Heyyyy…Witcher 1 had pretty awesome rhythm combat….*cricket sounds*. But really I actually didn’t mind it since it was literally my first CRPG.Hmm, so he's calling out anyone who DOESN'T experiment with all the mechanics in a game, and they can't criticize how difficult a certain boss is or the game itself is bad? And to top it off, he's blaming soulsborne games for influencing us to accept its type of combat as the norm and making us hate other action games?
That sounds like an assumption that we can't tell or enjoy different game styles, which is a complete bullshit. I'm pretty sure I enjoyed Souls, GOW, DMC 5, and Arkham games all the same. And all of them play completely differently. I didn't need to experiment with all the options I had in DMC 5 (I didn't know there were so many possibilities as pointed out in the video), but I still enjoyed it.

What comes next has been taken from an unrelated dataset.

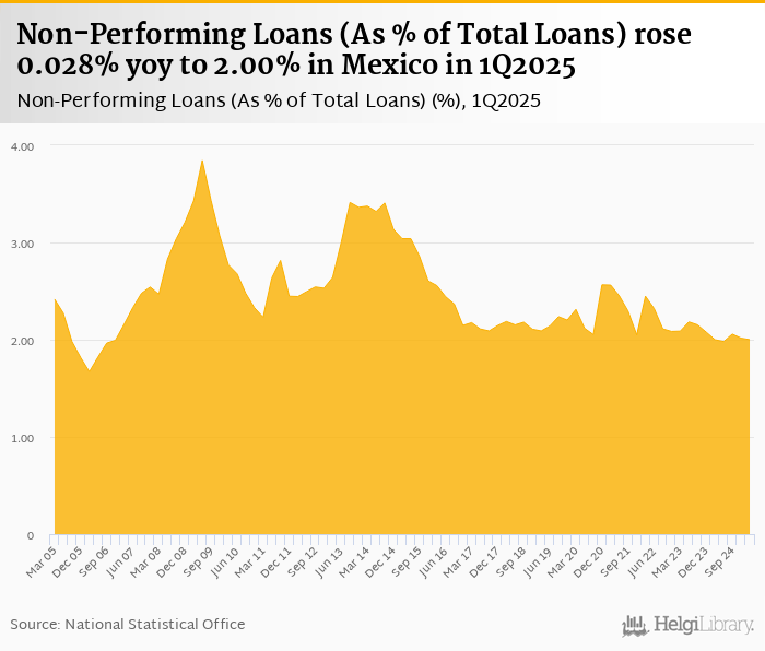 Non-performing loans as a share of bank loans rose 0.028% yoy to 2.00% in Mexico in 1Q2025, according to the National Central Bank. This is 0.767% less than in the previous quarter.

By the same logic he calls people out for, can't it be argued the guy is doing the same? If the game allows us to stay vanilla and basic, why can't we enjoy that. Like, what is up with this obsession of creativity beating familiarity? Does this guy even consider giving so much room for experimentation can overwhelm a player? I recently gave up on finishing BOTW and didn't even bother touching TOTK, because both games seems to actively punish me for not being creative by making everything more challenging.
And I'm willing to bet this guy haven't touched games that are REALLY dull in terms of combat; Thor: God of Thunder (The 2011 movie tie-in game), Witcher 1 (great story tho), The 2021 Avengers game, and a bunch of other games I probably can't think of right now.
Anyways the video…I get what he’s getting at, that old school hack n slash action games he feels are being underrepresented or misrepresented often have intrinsically higher skill ceilings than other more “modern” action-esque games that seem to be journalist darlings, but that’s really no different than the FGC being its own hardcore thing separate from the mainstream appeal of many fighting games. The average player won’t even know or care about frame data, and even if journalists made a point of covering this stuff in depth, you can only lead a horse to water. So much of game journalism is at a plateau that should not be the end-all, be-all of anything. The rest usually gets caught up in and spun amongst respective fanatics into internet pissing contests.
The video would be more effective if it stuck to objective commentary but ends up devolving into psychobabble and meme jokes to veil the conjecture. For example much of the the games he mentions that “force the player to use their moves” or “everything in their toolkit” is nonsensical, because none of the examples he said journalists fawn over do that either. They all allow for experimentation, but the focus is less on style/combos and more on what kills enemies more effectively. Saying people are playing these games like it’s “a job” vs “an experience” is just opinionated heresy that could be flipped either way depending on who’s watching.